Task goal — After locating the line with "在校期间,他以雷锋精神为指引" in the entries below, output it and each following line up to and including the line with "dividende i rezerve", exactly and without pictures.

Data records —
+ + + + +
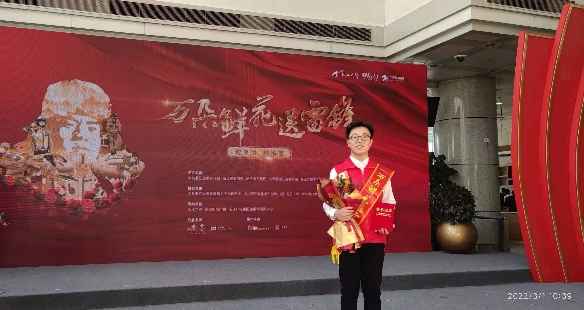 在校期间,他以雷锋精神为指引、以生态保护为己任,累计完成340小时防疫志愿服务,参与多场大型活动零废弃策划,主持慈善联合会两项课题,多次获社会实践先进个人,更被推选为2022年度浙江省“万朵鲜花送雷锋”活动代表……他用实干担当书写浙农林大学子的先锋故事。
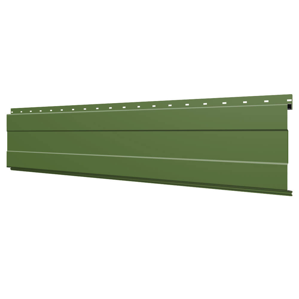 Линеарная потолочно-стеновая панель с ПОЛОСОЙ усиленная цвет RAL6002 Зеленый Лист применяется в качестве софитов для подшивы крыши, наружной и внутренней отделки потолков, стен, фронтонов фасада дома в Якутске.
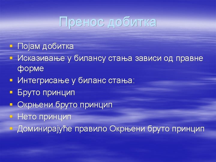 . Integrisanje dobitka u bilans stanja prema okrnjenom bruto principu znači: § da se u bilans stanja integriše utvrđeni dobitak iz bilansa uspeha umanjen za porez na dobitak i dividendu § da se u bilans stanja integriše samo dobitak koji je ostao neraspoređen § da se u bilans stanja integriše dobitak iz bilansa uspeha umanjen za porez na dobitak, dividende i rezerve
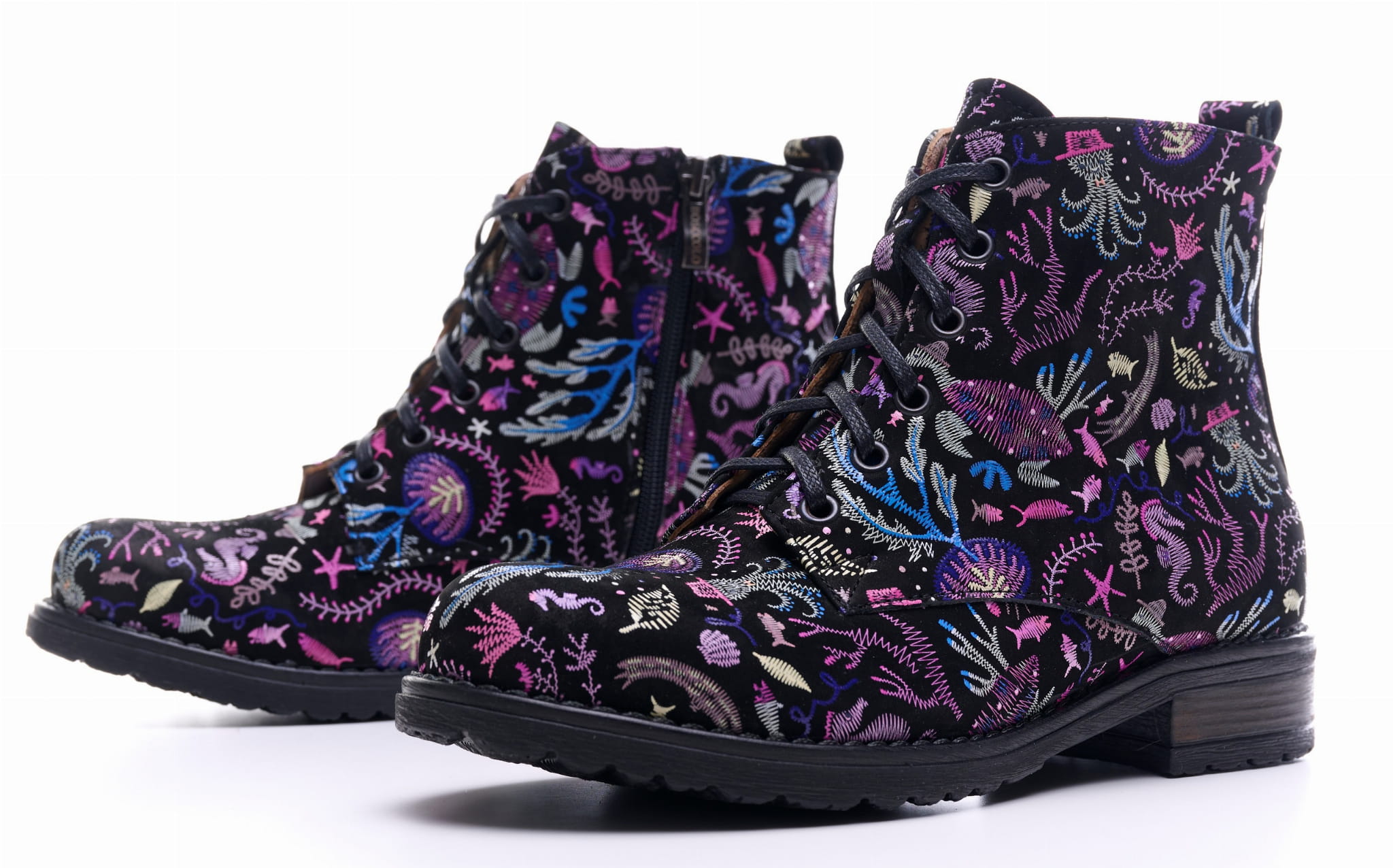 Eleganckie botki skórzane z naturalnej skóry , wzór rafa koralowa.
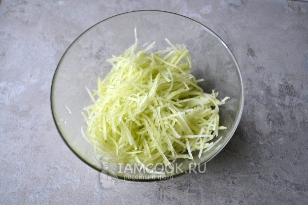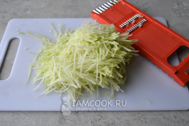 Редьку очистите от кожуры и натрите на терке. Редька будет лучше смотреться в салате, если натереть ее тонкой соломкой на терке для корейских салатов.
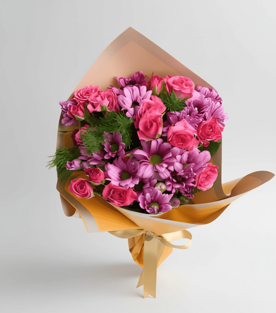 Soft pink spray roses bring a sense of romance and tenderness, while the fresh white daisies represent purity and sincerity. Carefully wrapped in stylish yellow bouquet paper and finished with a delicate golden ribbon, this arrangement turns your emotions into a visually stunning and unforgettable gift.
+ + + + +
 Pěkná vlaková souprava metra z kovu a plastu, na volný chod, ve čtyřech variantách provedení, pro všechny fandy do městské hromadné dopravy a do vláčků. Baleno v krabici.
+ + + + +
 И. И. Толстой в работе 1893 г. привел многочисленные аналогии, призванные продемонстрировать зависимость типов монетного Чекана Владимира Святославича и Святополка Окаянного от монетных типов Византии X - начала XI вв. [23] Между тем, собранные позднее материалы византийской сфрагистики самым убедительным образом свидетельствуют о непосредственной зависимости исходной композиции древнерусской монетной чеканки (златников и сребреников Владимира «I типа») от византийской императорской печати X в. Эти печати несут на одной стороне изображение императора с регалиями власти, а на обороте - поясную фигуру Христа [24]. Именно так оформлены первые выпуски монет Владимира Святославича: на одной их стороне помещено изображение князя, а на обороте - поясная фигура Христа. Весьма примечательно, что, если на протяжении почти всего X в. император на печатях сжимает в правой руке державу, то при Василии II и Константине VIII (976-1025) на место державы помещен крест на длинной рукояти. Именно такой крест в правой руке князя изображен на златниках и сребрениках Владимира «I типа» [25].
+ + + + +
Exercise solution —
 在校期间,他以雷锋精神为指引、以生态保护为己任,累计完成340小时防疫志愿服务,参与多场大型活动零废弃策划,主持慈善联合会两项课题,多次获社会实践先进个人,更被推选为2022年度浙江省“万朵鲜花送雷锋”活动代表……他用实干担当书写浙农林大学子的先锋故事。
 Линеарная потолочно-стеновая панель с ПОЛОСОЙ усиленная цвет RAL6002 Зеленый Лист применяется в качестве софитов для подшивы крыши, наружной и внутренней отделки потолков, стен, фронтонов фасада дома в Якутске.
 . Integrisanje dobitka u bilans stanja prema okrnjenom bruto principu znači: § da se u bilans stanja integriše utvrđeni dobitak iz bilansa uspeha umanjen za porez na dobitak i dividendu § da se u bilans stanja integriše samo dobitak koji je ostao neraspoređen § da se u bilans stanja integriše dobitak iz bilansa uspeha umanjen za porez na dobitak, dividende i rezerve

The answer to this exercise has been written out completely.